Ehrenburg viajó y vio mucho. Si su testimonio es honesto, y voces tan autorizadas y poco sospechosas como la de Nadiezhda Mandelstam autorizan a pensarlo, nunca renunció a sus principios, pero supo siempre combatir sus prejuicios. Su pensamiento no fue monolítico. A él se debe el término "deshielo", que Jrushchov adoptó tras el XX Congreso del Partido para cifrar el devenir de una nueva época en la Unión Soviética, y suyo fue también el empeño, nunca ocultado, de convertirse en portavoz infatigable del comunismo entre la intelligentsia europea.

Es privilegio de los grandes escritores leer la entraña de su tiempo, percibir las líneas de fuerza que articulan una época, conformar las imágenes en que un mundo se resume. Ehrenburg no fue un gran escritor. La veneración con que en Gente, años, vida habla de Gógol, Tolstói, Turguéniev, Chéjov o Blok, por citar sólo a maestros rusos, habla bien a las claras de su percepción de lo que significa el genio. Y sin embargo, como sus modelos, Ehrenburg supo leer su época y percibir cuáles eran sus elementos esenciales. Ese corazón del siglo, según él, no fue otro que la urgencia.

El siglo pasado se había provisto "de un motor de gran cilindrada. Y a un automóvil no se le puede gritar: '¡Detente, quiero verte con todo detalle!' Sólo es posible hablar de la luz fugaz de sus faros. O bien -es otra posibilidad- ir a parar bajo sus ruedas". El siglo pasado hizo del olvido no una virtud, sino una necesidad. En el espacio de apenas tres décadas, entre 1914 y 1945, las personas vivieron tantas cosas que sus ideas ni siquiera tuvieron tiempo a consolidarse. Florecían y eran pronto decapitadas para dejar paso a otros prejuicios. La existencia era una máquina veloz, un cohete en realidad, y las experiencias no hallaban el modo de fijarse en visiones del mundo. El mundo cultivó el frenesí. Todo se malbarataba en la afrenta del tiempo.

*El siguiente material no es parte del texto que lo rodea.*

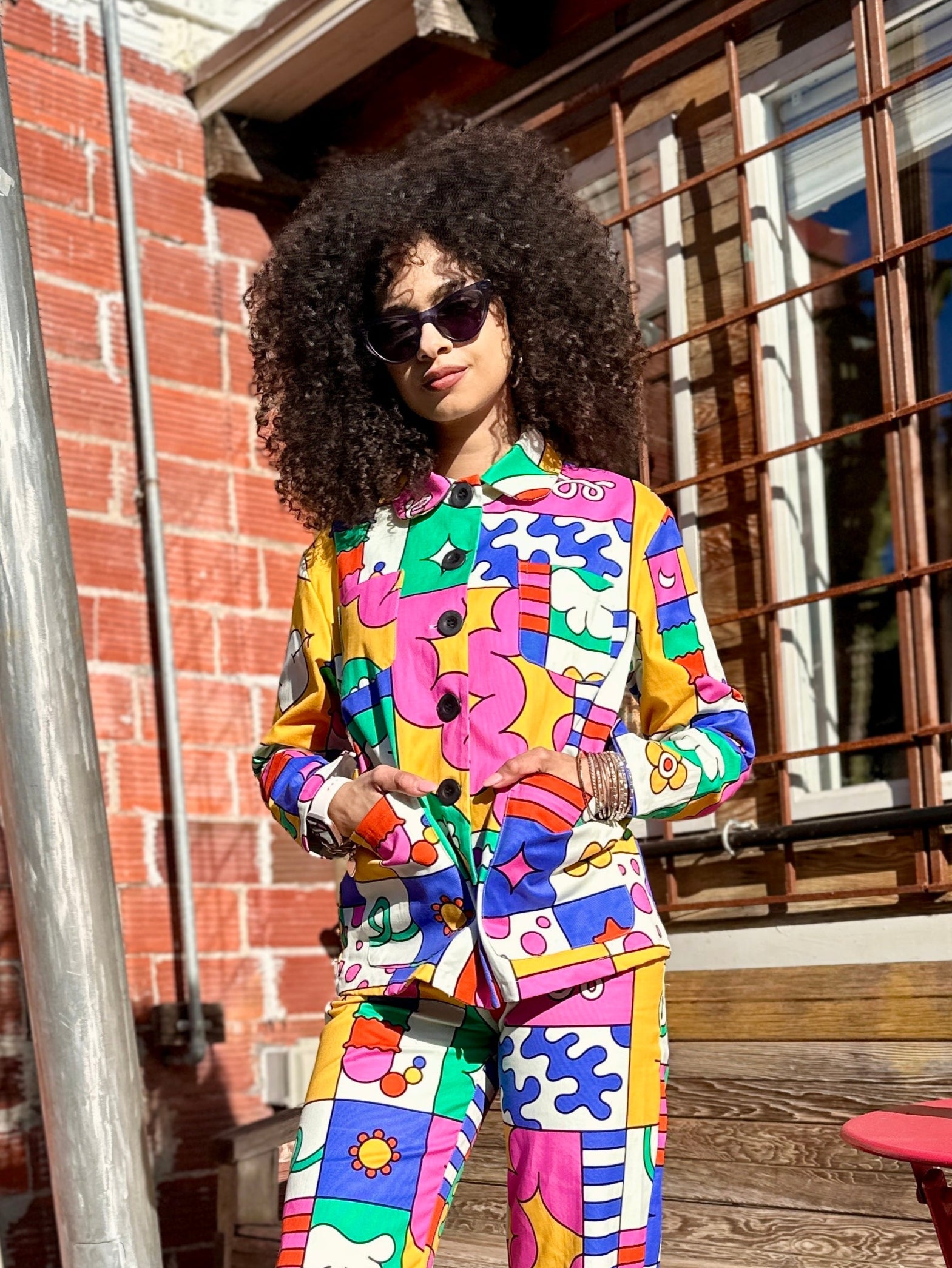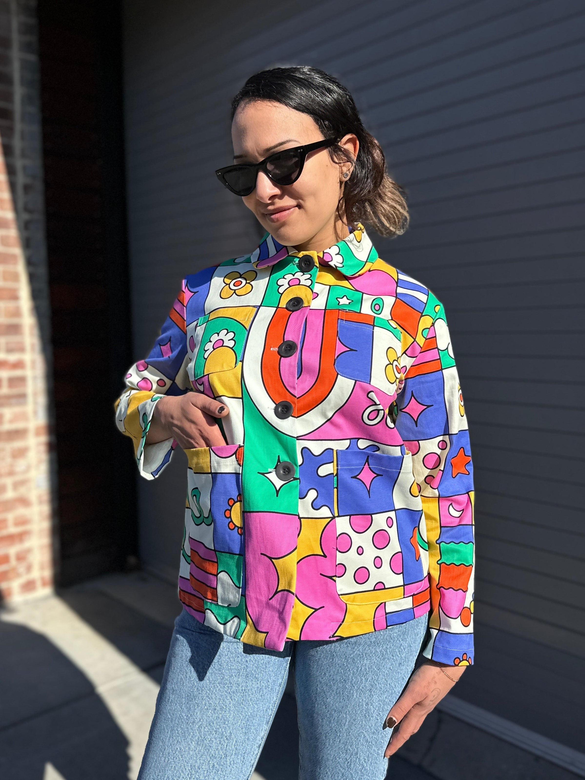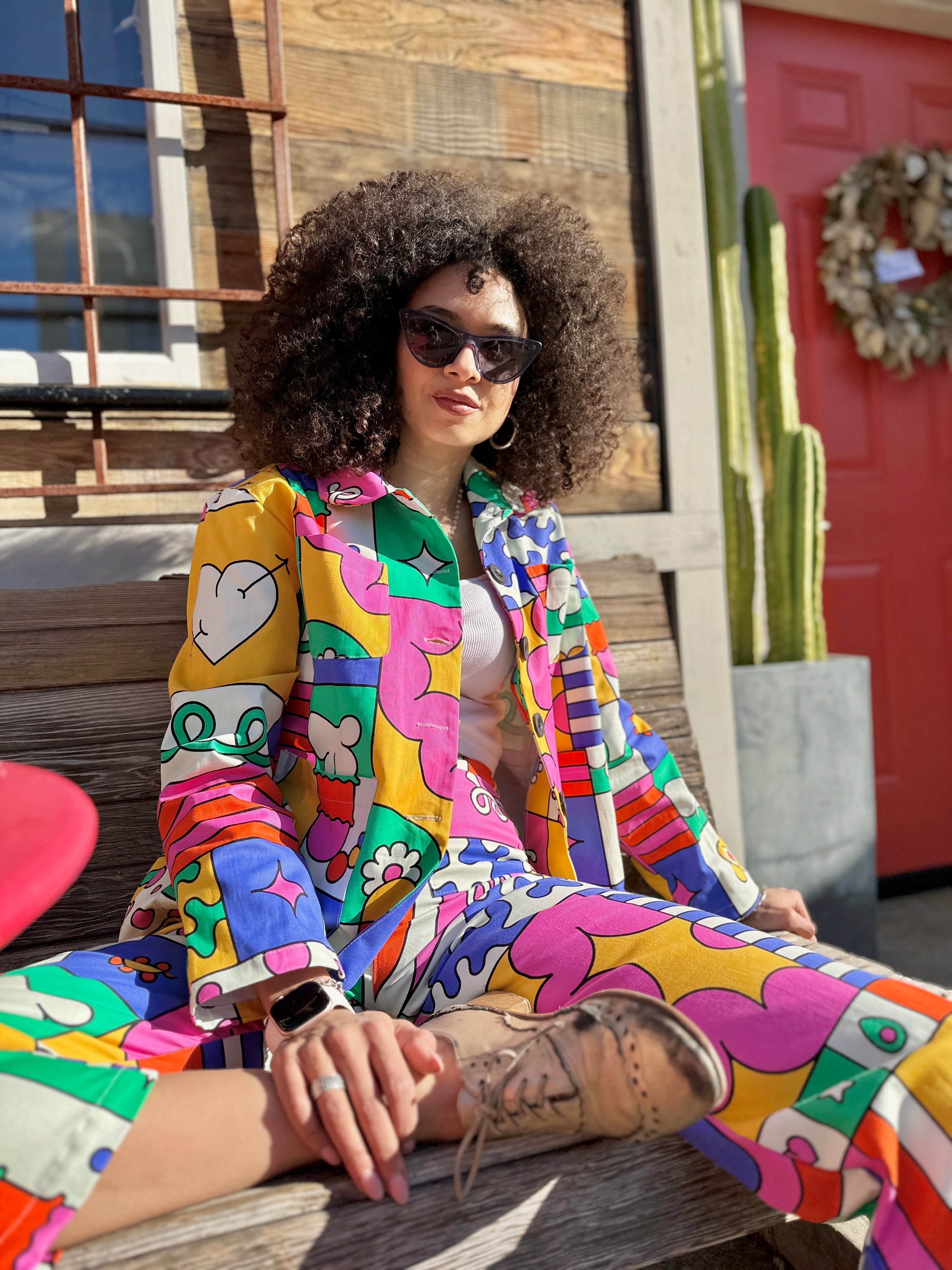 We are a woman owned, women run business. We make limited edition textiles with artists we love in cuts to make you look and feel good. All our garments are produced in California. We try to source all our materials in the USA and work with incredibly nice people.

Ehrenburg fue uno de los pocos intelectuales que, reconociendo esa urgencia tantas veces absurda, supo no terminar bajo las ruedas del coche. Si lo logró por azar o por estrategia es asunto discutible. Él mismo asegura que buena parte de los mejores cerebros de su época sucumbieron al vértigo de la Historia. El testimonio de ese azar, de esa estrategia o de la combinación de ambos factores es este vasto fresco titulado, con humildad casi chejoviana, Gente, años, vida.